◆ **Recorded data**:
=-=-=-=-=

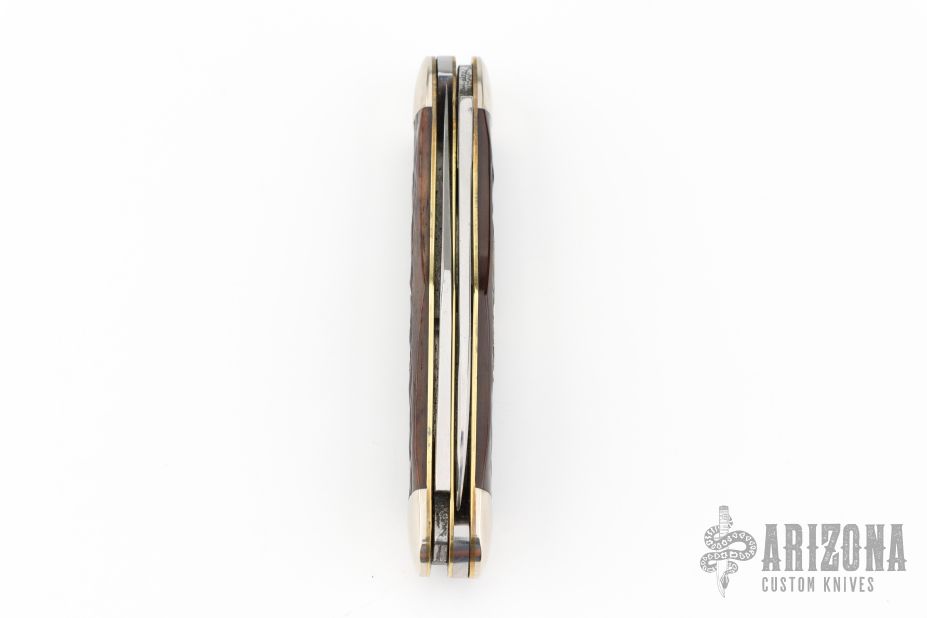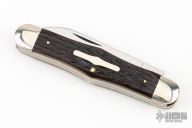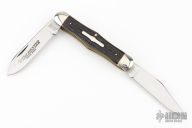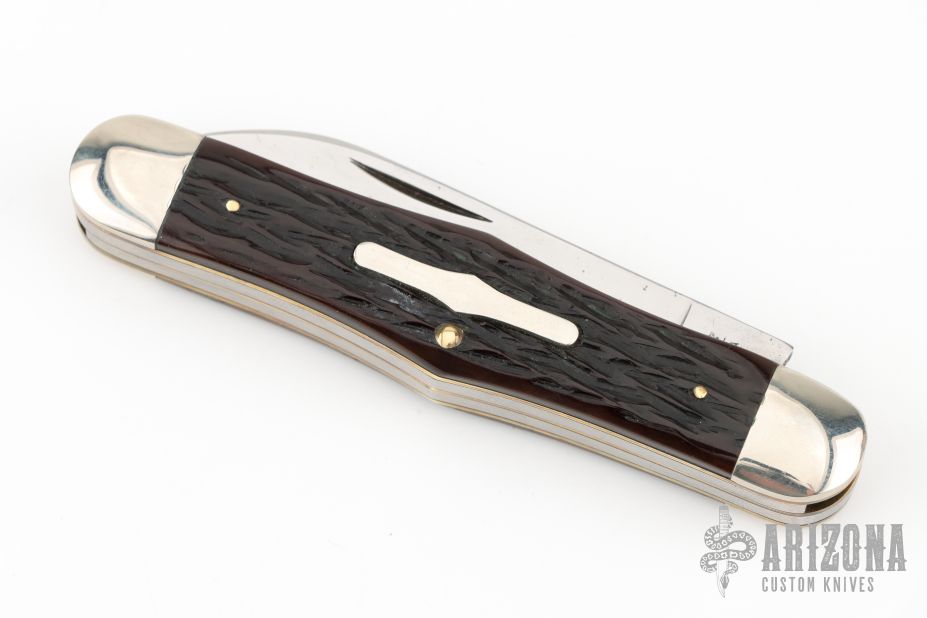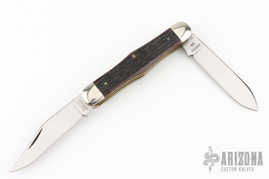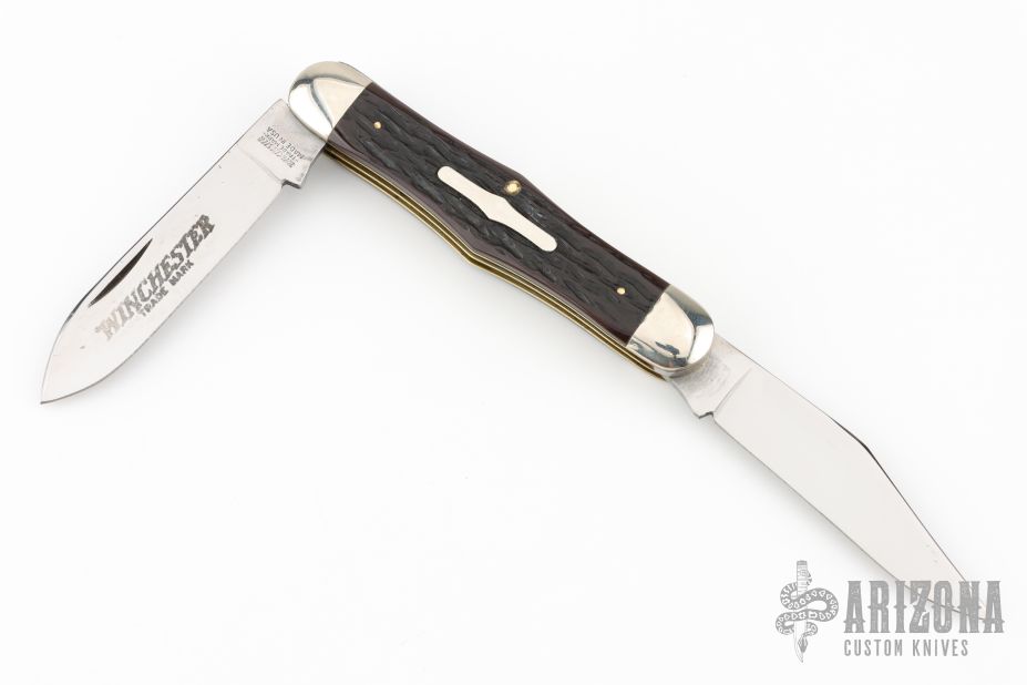 This Winchester Swell Center Moose slipjoint features two mirror polished blades with nail nicks. Nickel Silver front and rear bolsters with jigged bone covers. Brass liners and steel springs. Original box. Excellent condition.
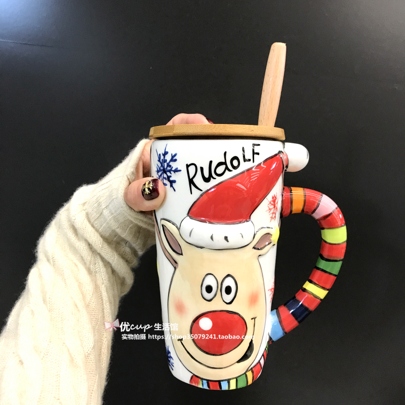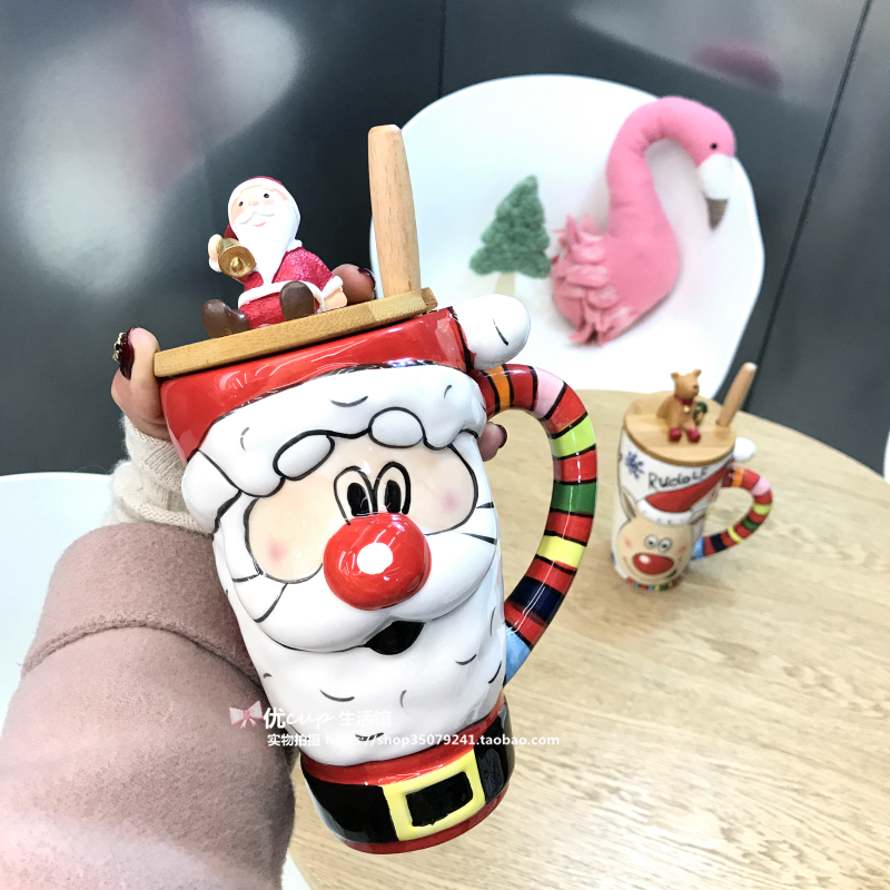 Foreign trade Christmas old man's small cup single cup foreign trade Christmas old man small cup tree spoon bear Christmas 3D hand painted large cup of old man single cup send glue cover Christmas 3D hand painted large cup old man wood lid wooden handle spoonful of deer antlers
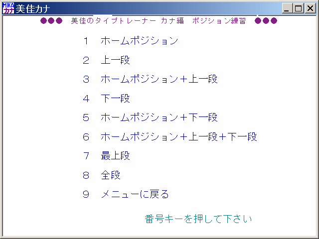 美佳のタイプトレーナ仮名編ポジション練習メニュー画面
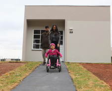 “Para nós isso é uma conquista. Poder dar um lugar para que ela possa se locomover de maneira independente, não temos nem palavras. Fizemos o cadastro no site da Cohapar, conseguimos esse desconto, foi uma ajuda e tanto, graças a Deus”, emociona-se. “Acho que o sonho de qualquer pai e mãe de família é conquistar o lar, então a gente fica sem saber explicar o que estamos sentindo”, conta Marcos.

=-=-=-=-=

◆ **Assignment**:
Exclude every picture, then reproduce the remaining data character for character.

◆ **Answer space**:
 This Winchester Swell Center Moose slipjoint features two mirror polished blades with nail nicks. Nickel Silver front and rear bolsters with jigged bone covers. Brass liners and steel springs. Original box. Excellent condition.
 Foreign trade Christmas old man's small cup single cup foreign trade Christmas old man small cup tree spoon bear Christmas 3D hand painted large cup of old man single cup send glue cover Christmas 3D hand painted large cup old man wood lid wooden handle spoonful of deer antlers
 美佳のタイプトレーナ仮名編ポジション練習メニュー画面
 “Para nós isso é uma conquista. Poder dar um lugar para que ela possa se locomover de maneira independente, não temos nem palavras. Fizemos o cadastro no site da Cohapar, conseguimos esse desconto, foi uma ajuda e tanto, graças a Deus”, emociona-se. “Acho que o sonho de qualquer pai e mãe de família é conquistar o lar, então a gente fica sem saber explicar o que estamos sentindo”, conta Marcos.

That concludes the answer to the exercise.